• _Exercise aim_: Your output should be everything below from the line containing "Kegiatan Bimbingan Agama Islam" down to the line containing "Archäologie migrantischer Kultur: Bocciabahn", both ends included, copied exactly, with pictures left out.

• _Provided data_:
------------------------------------------------------------------------
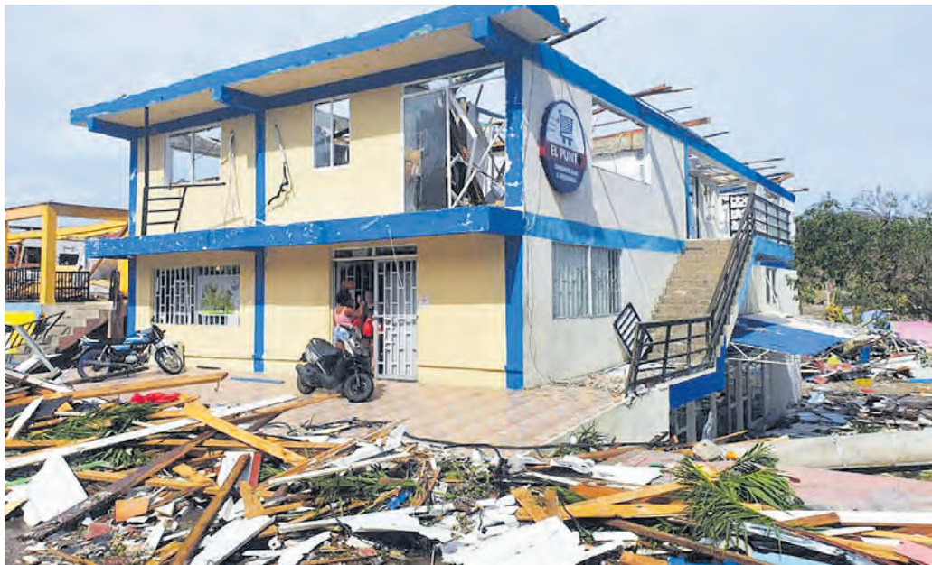
Este supermercado de Providencia es una muestra de los daños ocasionados en la isla.
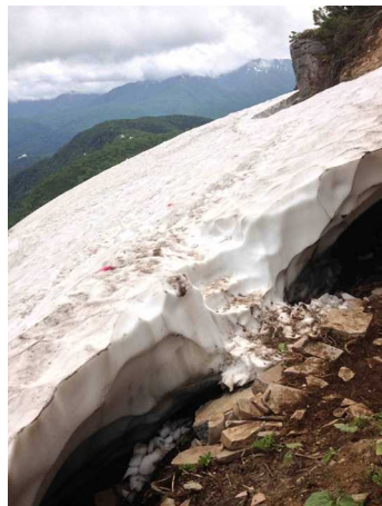
⑥エイコの沢ガレ場付近
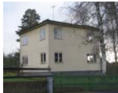
Tjädern 3 (1936)
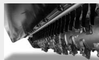
Grille du capot
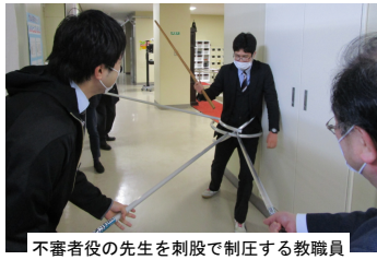
不審者役の先生を刺股で制圧する教職員
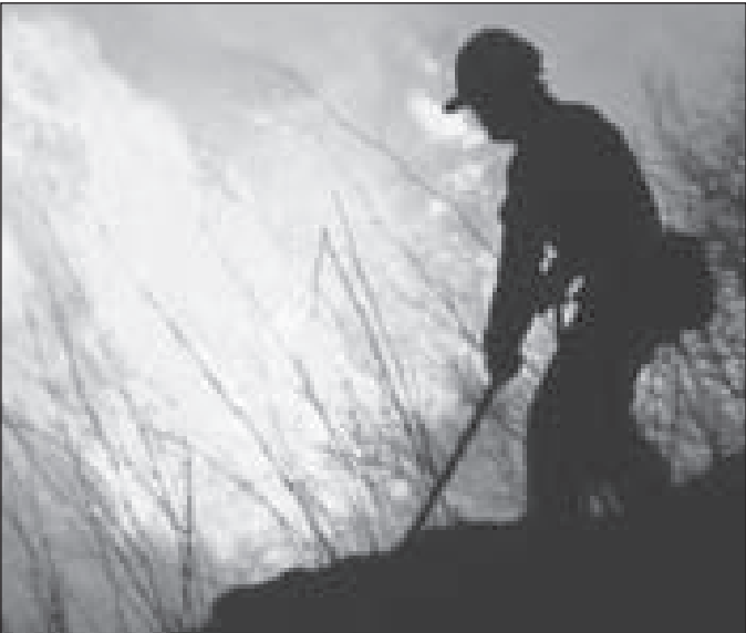
إطالفي فرنسي يسعى إلى الحد من تقدم النيران
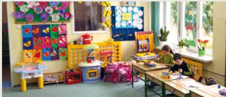
Oddział przedszkolny w ZO Śmiary.

Przebudowa budynku szkolnego na przedszkole planowana jest również w Zespole Oświatowym w Śmiarach. Obecnie jest opracowywana dokumentacja projektowa. Pomieszczenia planowane do wykorzystania na potrzeby przedszkola dwuoddziałowego o łącznej powierzchni użytkowej ok 180 m 2 znajdują się na parterze i w podpiwniczeniu budynku. Prace projektowe zakończą się w listopadzie br.
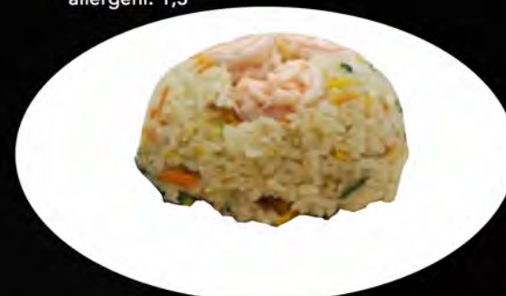
25. RISO SALTATO CON GAMBERI E VERDURE

pollo, verdure, uovo chicken, vegetables, egg allergeni: 3
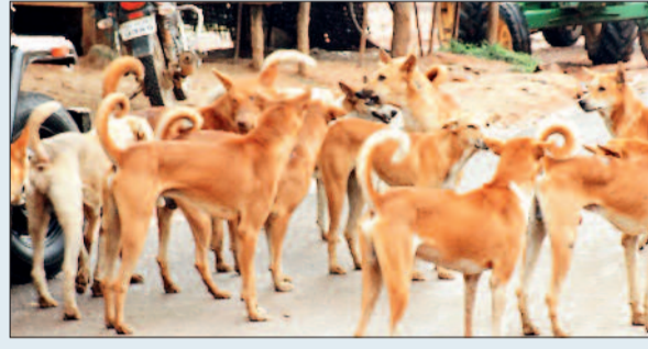
गली-मोहल्लों से लेकर बस स्टैंड तक झुंड का कब्जा
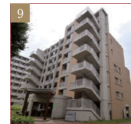
国際学生宿舎D棟(夫婦・家族棟)
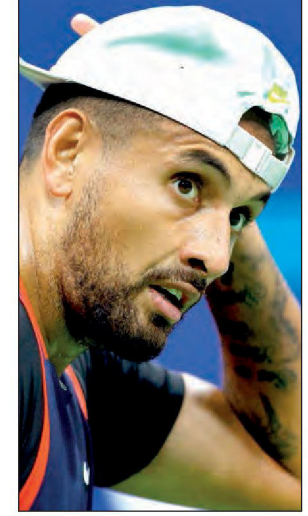
হতাশ কির্গিয়স।
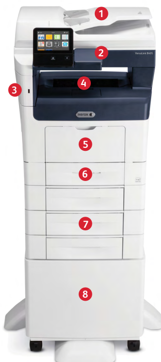
Xerox® VersaLink® B405 multifunktionsskrivare Skriv ut. Kopiera. Skanna. Faxa. Skicka e-post.
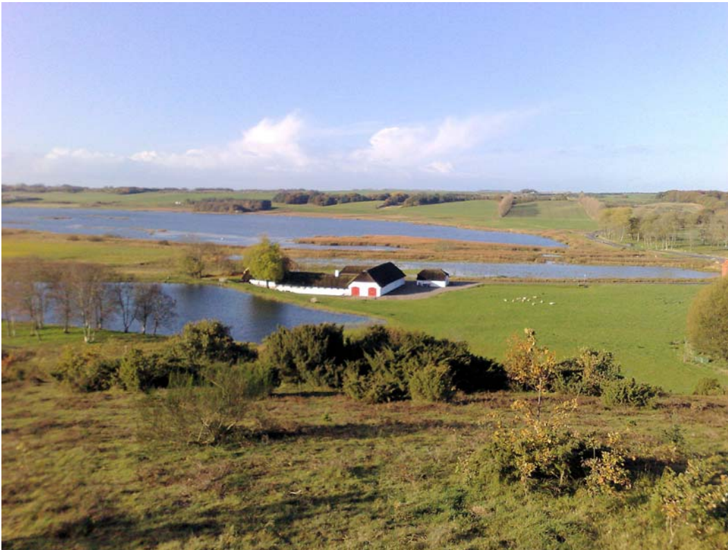
Billede 4 Halkær Naturcenter ligger på kanten af Halkær Ådal. Den store sø i baggrunden er den genskabte Halkær Sø.
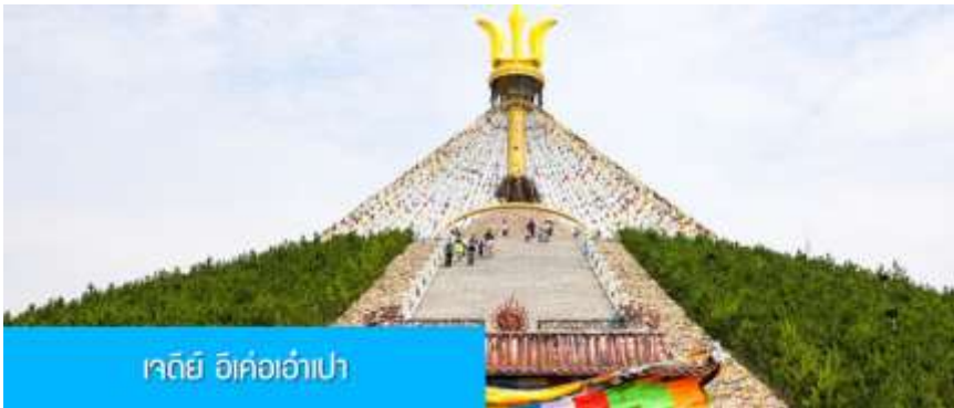
เจดีย์ อี้เค่ออ่าเป่า

พักที่ DALAETQI SHNAGJING HOTEL โรงแรมระดับ 4 ดาวหรือเทียบเท่าในเมืองต้าลาเท่อ
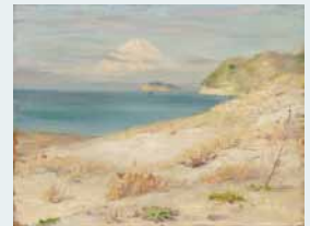
表紙の作品 黒田清輝 (1866-1924/慶応2-大正13) 《富士之図》(6点組)より 板、油彩 25.0×33.0cm 明治31年(1898)

〒422-8002 静岡市駿河区谷田53-2 総務課/Tel 054-263-5755 Fax 054-263-5767 学芸課/Tel 054-263-5857 Fax 054-263-5742
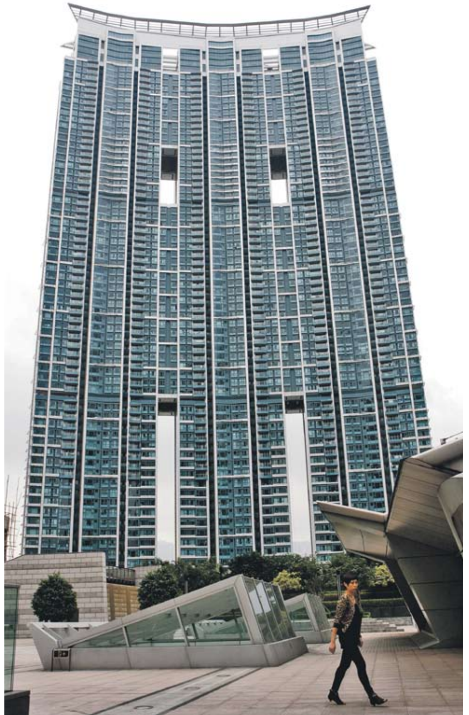
▶ Апартамент на 72-рия етаж в небостъргач в центъра на Хонконг беше продаден за 44 млн. USD.

▶ процента става таксата при продажбата на имот 6-12 месеца след придобиването му
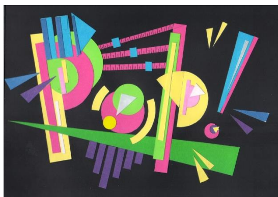
Примеры работ по творческому комплексу «Композиция»
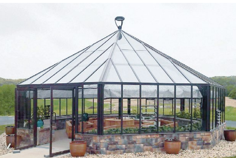
Octagonal Custom Orangeri, specialbeställt åttakantigt orangeri, 72 m 2 , 16 mm dubbelglas, 51 mm ytterprofil.

Ta kontakt för information om priser, storlekar, glas- och profilalternativ.
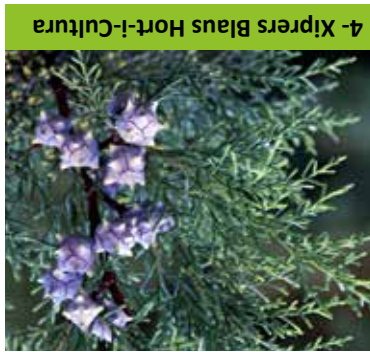
4- Xiprers Blaus Hort-i-Cultura
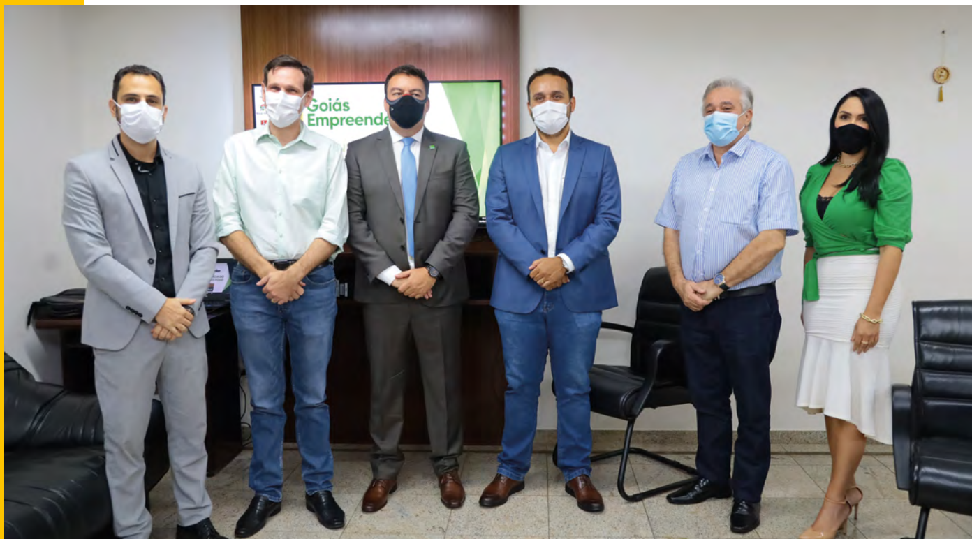
Reunião de apresentação do projeto na Secretaria de Indústria e Comércio (SIC).
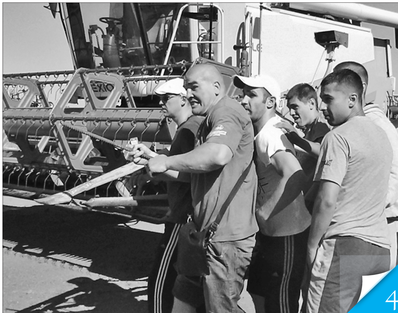
Силіві захоплення сільгосппідприємств перетворилися на лихо національного масштабу

ГОСТРА ТЕМА. Влада й бізнес визнають нагальність цього завдання, але підходи до його розв'язання трохи відрізняються
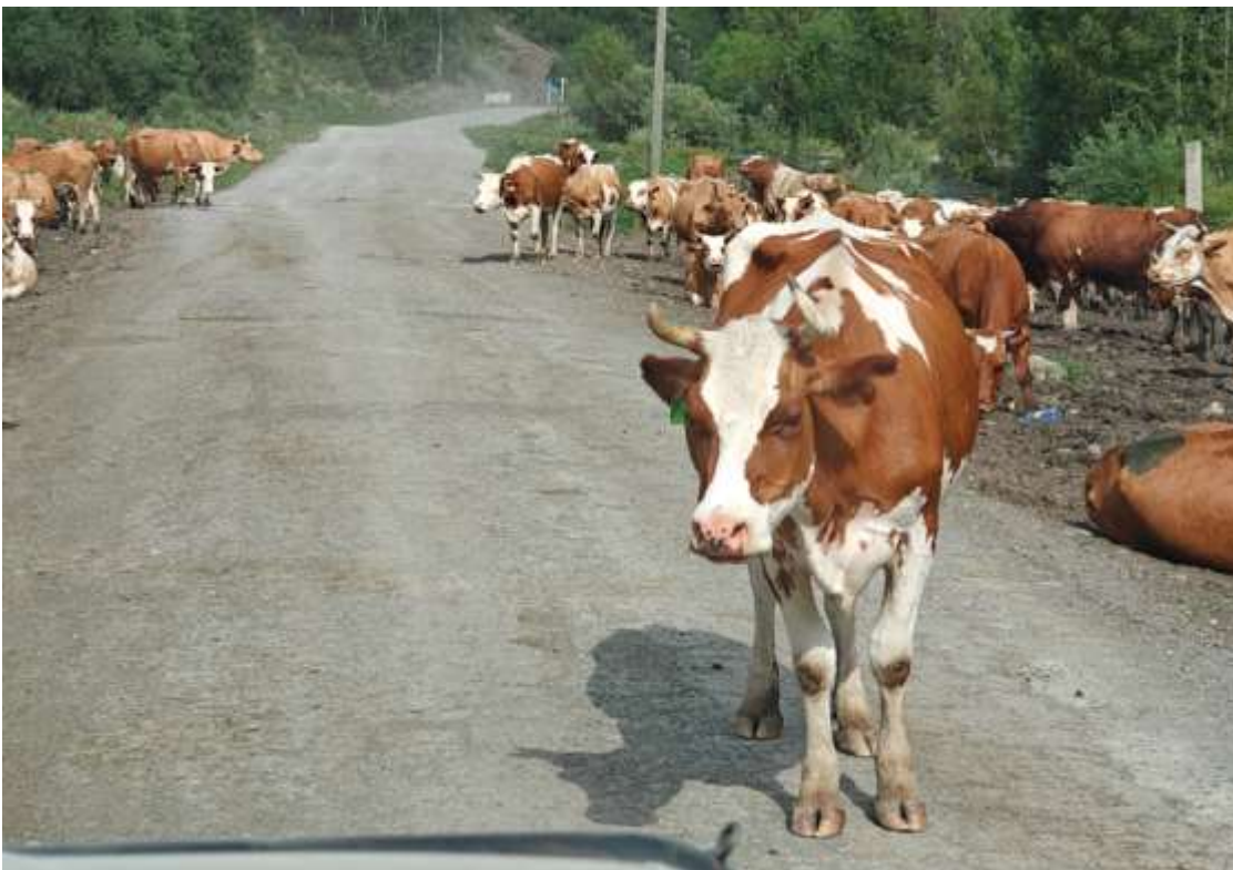
Эта коровка не сдвинулась ни на сантиметр, приходится ее аккуратно объезжать.
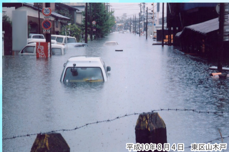
平成10年8月4日 東区山木戸
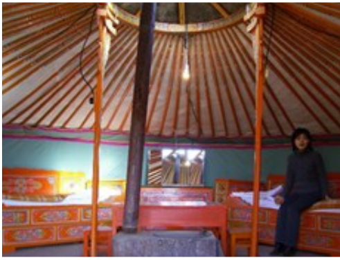
ゲル・ツーリストキャンプの例
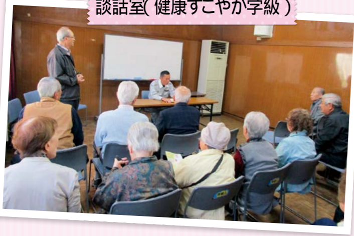
談話室(健康すこやか学級)
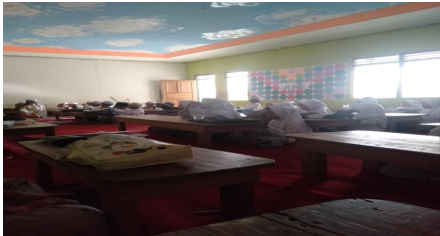
Kegiatan Bimbingan Agama Islam
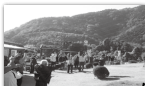
スタート前のラジオ体操
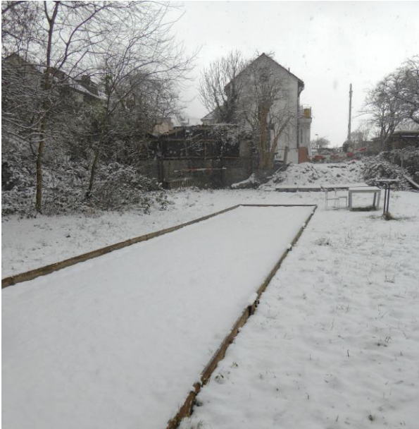
Archäologie migrantischer Kultur: Bocciabahn zwischen Güterbahnhofstrasse und Zimmerstrasse.

Zwischen den Stationen 2 und 3 durchqueren wir ein migrantisch geprägtes Quartier. Menschen mit kleinem Einkommen wohnen in günstigen Wohnungen mit viel Lärm (Oberstrasse, Eisenbahn) und es entstehen immer wieder wechselnde ethnisch geprägte oder internationale Ladenlokale, Treffpunkte und Restaurants («Club Freedom», «Club Çegrani», «Club International», «Thai-Mandarin-Edelweiss», «Istanbul»). Die Quartiere Lachen / Vonwil weisen einen hohen Ausländerinnen- und Ausländeranteil aus. Am höchsten für St.Gallen ist dieser aktuell mit 39,3 Prozent im Lachenquartier (wo ich aufgewachsen bin und bis ins Jahr 1978 gewohnt habe) und am tiefsten mit 16,3 Prozent in St.Georgen (wo ich seit dem Jahr 2013 wohne).
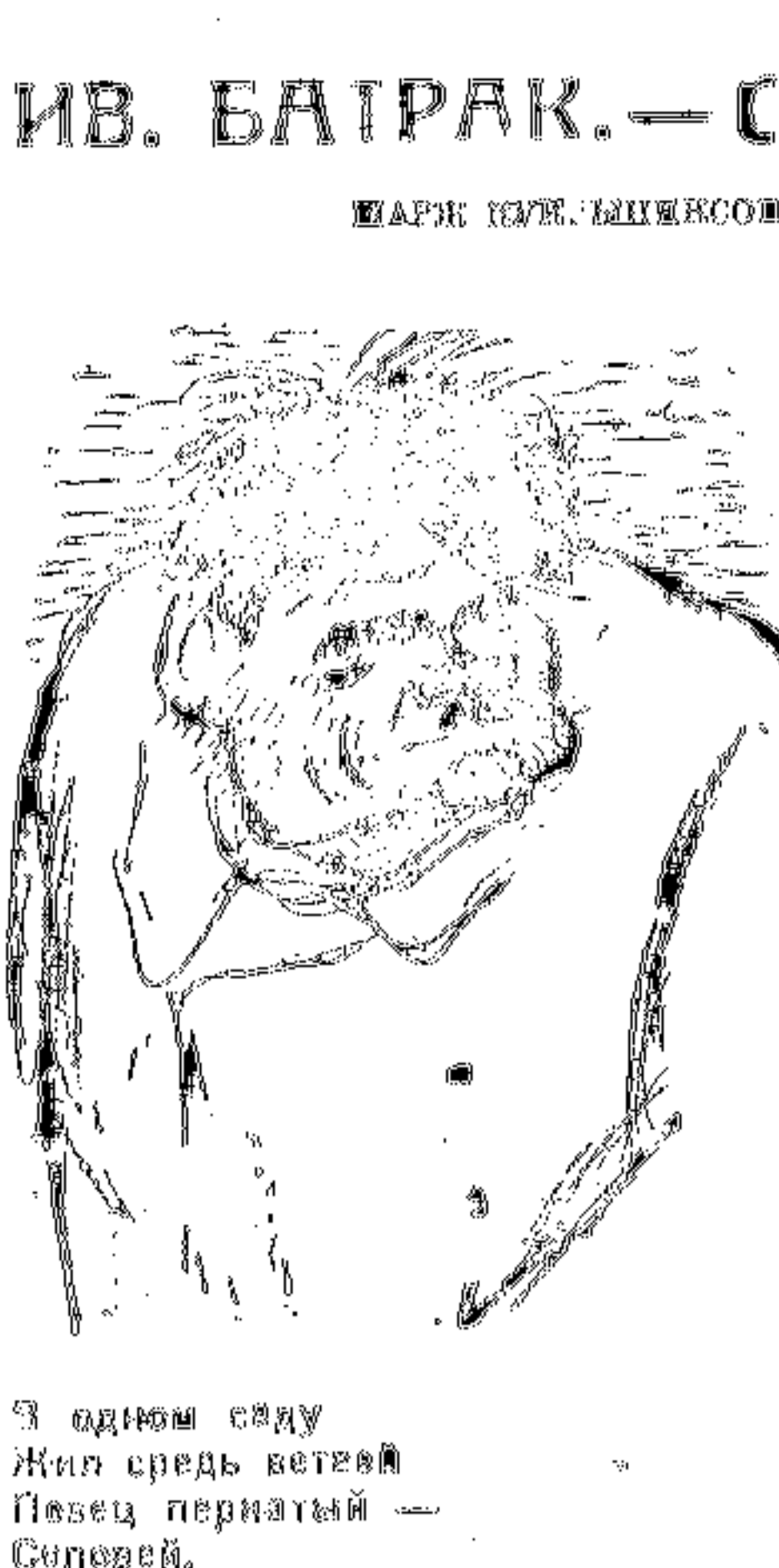
В одном часу Липа среди ветвей Песнь первенный — Соловей.
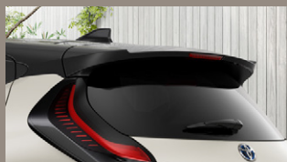
▶ リヤルーフスポイラー (ルーフカラー共通色)
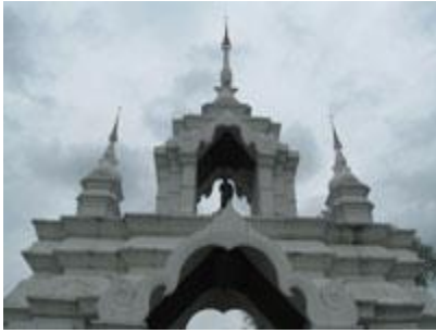
* วัดคอยแม่ปิ้ง
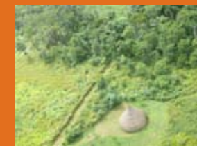
Amazònia, Venezuela

La proporció aproximada de població indígena en els principals països amazònics és, segons els censos de l'any 2008 (Font: CEPAL):
------------------------------------------------------------------------
• _Problem solution_:
Kegiatan Bimbingan Agama Islam
スタート前のラジオ体操
Archäologie migrantischer Kultur: Bocciabahn zwischen Güterbahnhofstrasse und Zimmerstrasse.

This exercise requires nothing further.